What the exercise asks =
Apart from the pictures, every entry should be reproduced exactly.
** Opening Source material block **
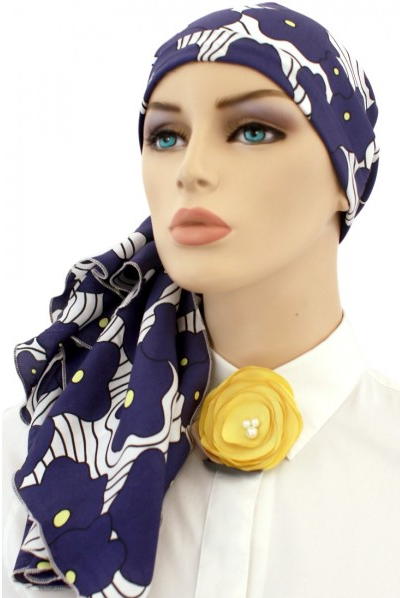 【おしゃれな医療用帽子・ケア帽子】後ろまでカバーされているイタリア製シルク100% スカーフ・キャップ ネイビー・デイジー(S622)/ アメリカ製
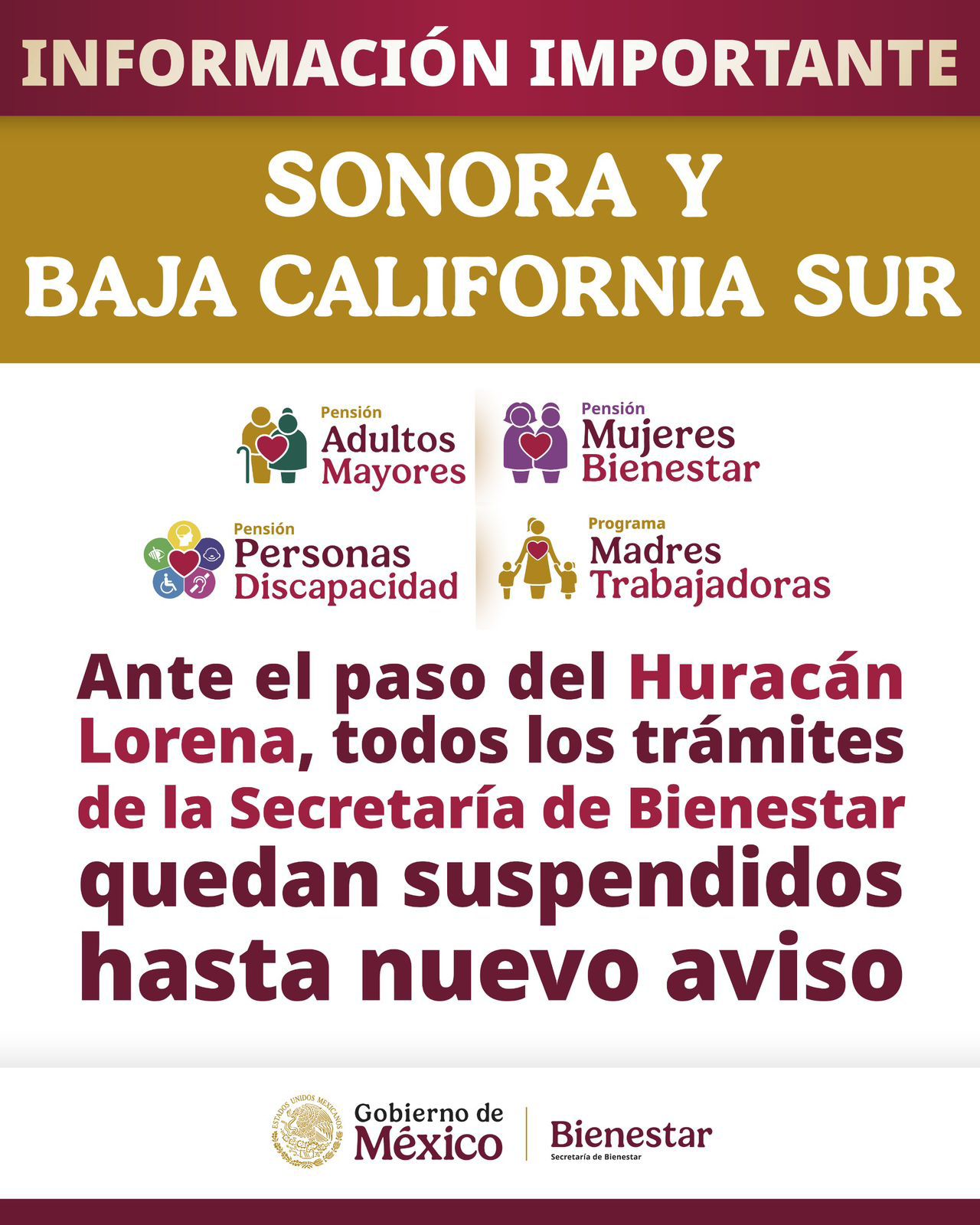 Ante el paso del huracán Lorena en las costas de Baja California Sur y Sonora, la Secretaría de Bienestar, a cargo de Ariadna Montiel Reyes, suspendió todas las actividades, hasta nuevo aviso, con el propósito primordial de resguardar la seguridad e integridad física de la población.
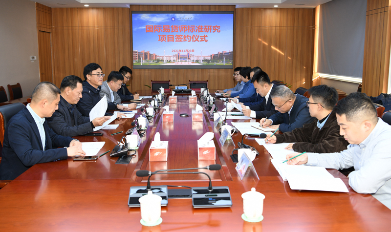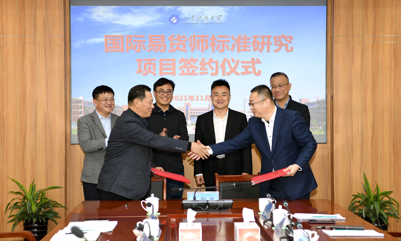 11月23日,beat365官方网站与青岛青发控股集团有限公司签订国际易货师标准研究项目协议。青岛自贸片区管委副主任秦禾、beat365官方网站副校长张建出席签约仪式。青岛青发控股集团有限公司副总经理于海生、beat365官方网站经管学院院长侯贵生代表双方签署项目协议。
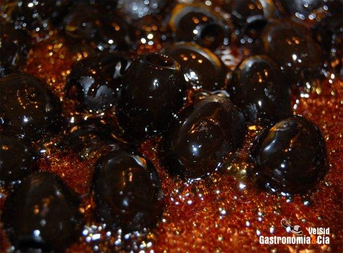Pon en un cazo el agua con el azúcar y haz un caramelo oscuro. Incorpora las aceitunas negras y deja que se caramelicen, ve moviéndolas para que lo hagan en todo su contorno.
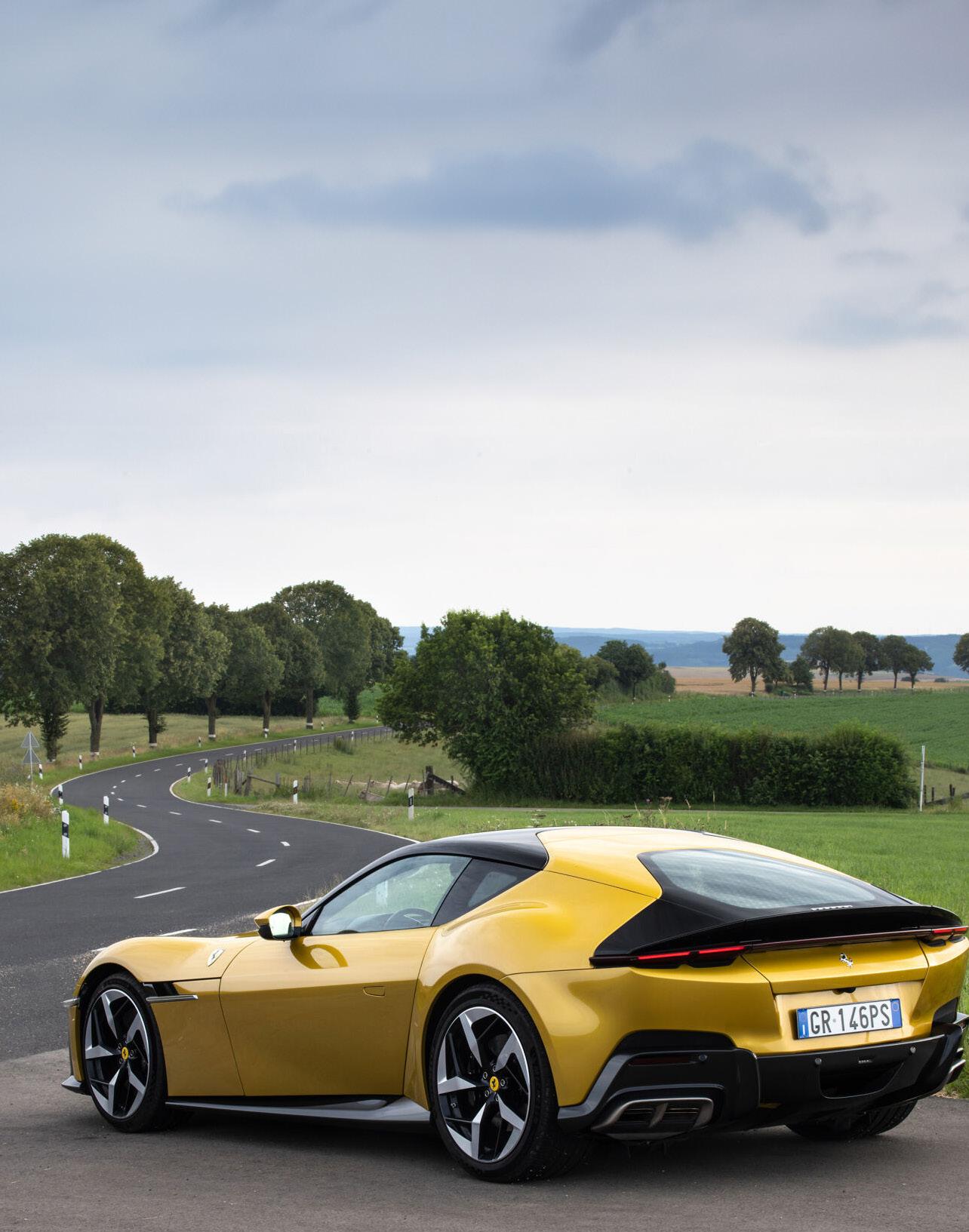 en movimiento: una berlinetta biplaza con motor V12 atmosférico en posición central delantera, tributo a la herencia y la innovación que definen a Ferrari. Inspirado en los Gran Turismo de los años 50 y 60, este modelo combina elegancia, tecnología y un sonido inconfundible. Su corazón late con 819 caballos de fuerza y un rango de revoluciones que llega hasta las 9,500 rpm, entregando el 80% del par motor desde las 2,500 rpm. El resultado es una respuesta inmediata
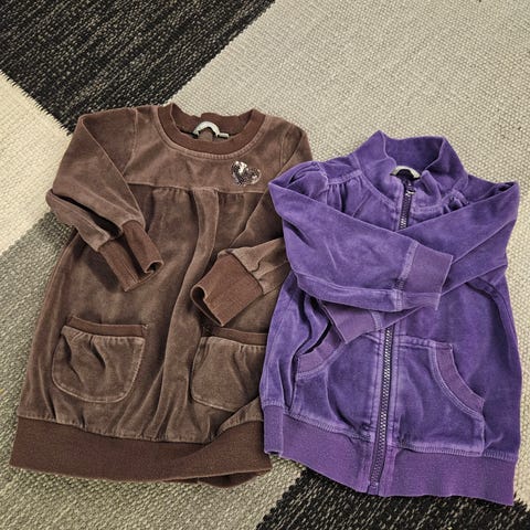 Villervallan värikäs tunika ja H&M:n mustat trikoohousut, molemmat kokoa 92. Käytetty päällä yhtä aikaa, mutta tunika on reilua kokoa ja meni meillä käytössä pidempään kuin housut. Tunikassa napit rinnassa, joten helppo pukea päälle. Housut ribbitrikoota ja pieni sydänkirjailu vyötäröllä.
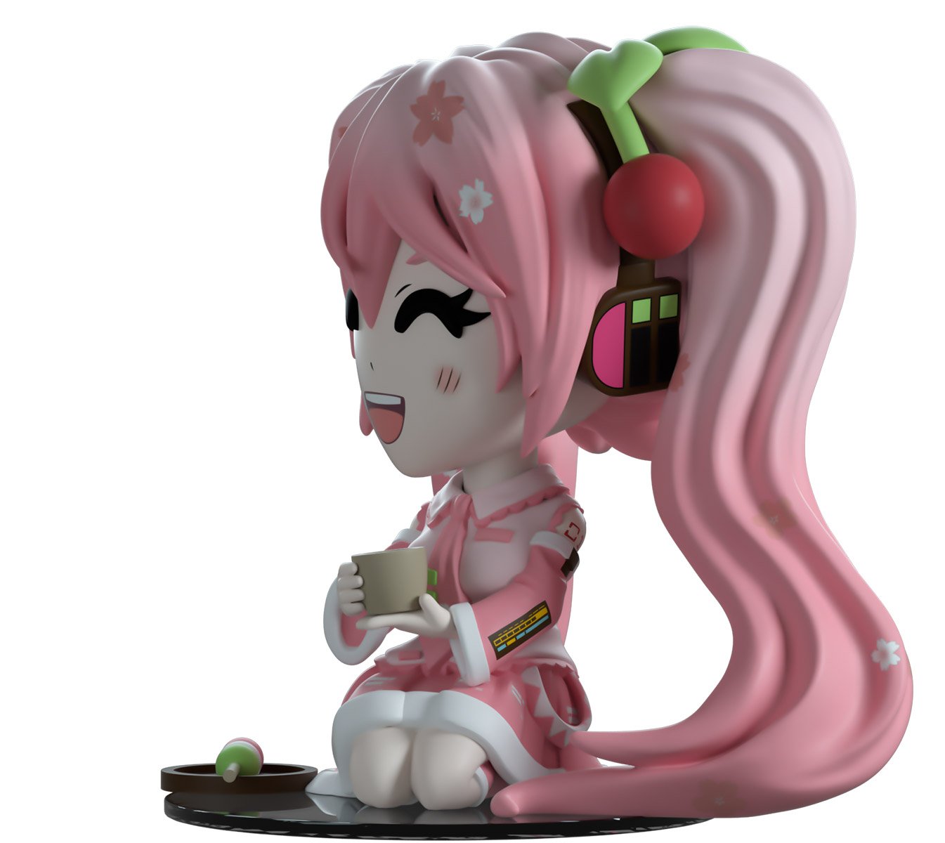 Miku fait son retour sur Youtooz en préparation de la saison des cerisiers en fleur ! Agenouillée à 3,6 pouces de hauteur et tenant une tasse de thé fumante dans ses deux mains, elle a remplacé sa tenue habituelle grise et bleue par la plus mignonne rose à froufrous avec des garnitures blanches épaisses. Ses longs cheveux roses sont ornés de délicates fleurs de sakura et tombent de chaque côté de sa tête en nattes épaisses pour se reposer à ses côtés, encadrant parfaitement son visage rougissant ravi. Alors que le casque marron qui repose sur ses cheveux est orné de cerises rouges et vertes vibrantes, un délicieux trio de boules de mochi est assis sur l'assiette à ses côtés. L'extérieur de son emballage est rose pâle avec des pois et des fleurs de cerisier qui encadrent la silhouette de Miku qui se prolonge jusqu'à l'intérieur entourant complètement sa silhouette. La gaine de protection est rose et blanche avec des barres vertes ondulées qui la traversent. Cet objet de collection est livré dans un manchon extérieur mat, gaufré et protecteur et un protecteur en plastique de taille personnalisée pour une protection maximale pendant l'expédition.
** Closing Source material block **
Task result =
 【おしゃれな医療用帽子・ケア帽子】後ろまでカバーされているイタリア製シルク100% スカーフ・キャップ ネイビー・デイジー(S622)/ アメリカ製
 Ante el paso del huracán Lorena en las costas de Baja California Sur y Sonora, la Secretaría de Bienestar, a cargo de Ariadna Montiel Reyes, suspendió todas las actividades, hasta nuevo aviso, con el propósito primordial de resguardar la seguridad e integridad física de la población.
 11月23日,beat365官方网站与青岛青发控股集团有限公司签订国际易货师标准研究项目协议。青岛自贸片区管委副主任秦禾、beat365官方网站副校长张建出席签约仪式。青岛青发控股集团有限公司副总经理于海生、beat365官方网站经管学院院长侯贵生代表双方签署项目协议。
Pon en un cazo el agua con el azúcar y haz un caramelo oscuro. Incorpora las aceitunas negras y deja que se caramelicen, ve moviéndolas para que lo hagan en todo su contorno.
 en movimiento: una berlinetta biplaza con motor V12 atmosférico en posición central delantera, tributo a la herencia y la innovación que definen a Ferrari. Inspirado en los Gran Turismo de los años 50 y 60, este modelo combina elegancia, tecnología y un sonido inconfundible. Su corazón late con 819 caballos de fuerza y un rango de revoluciones que llega hasta las 9,500 rpm, entregando el 80% del par motor desde las 2,500 rpm. El resultado es una respuesta inmediata
 Villervallan värikäs tunika ja H&M:n mustat trikoohousut, molemmat kokoa 92. Käytetty päällä yhtä aikaa, mutta tunika on reilua kokoa ja meni meillä käytössä pidempään kuin housut. Tunikassa napit rinnassa, joten helppo pukea päälle. Housut ribbitrikoota ja pieni sydänkirjailu vyötäröllä.
 Miku fait son retour sur Youtooz en préparation de la saison des cerisiers en fleur ! Agenouillée à 3,6 pouces de hauteur et tenant une tasse de thé fumante dans ses deux mains, elle a remplacé sa tenue habituelle grise et bleue par la plus mignonne rose à froufrous avec des garnitures blanches épaisses. Ses longs cheveux roses sont ornés de délicates fleurs de sakura et tombent de chaque côté de sa tête en nattes épaisses pour se reposer à ses côtés, encadrant parfaitement son visage rougissant ravi. Alors que le casque marron qui repose sur ses cheveux est orné de cerises rouges et vertes vibrantes, un délicieux trio de boules de mochi est assis sur l'assiette à ses côtés. L'extérieur de son emballage est rose pâle avec des pois et des fleurs de cerisier qui encadrent la silhouette de Miku qui se prolonge jusqu'à l'intérieur entourant complètement sa silhouette. La gaine de protection est rose et blanche avec des barres vertes ondulées qui la traversent. Cet objet de collection est livré dans un manchon extérieur mat, gaufré et protecteur et un protecteur en plastique de taille personnalisée pour une protection maximale pendant l'expédition.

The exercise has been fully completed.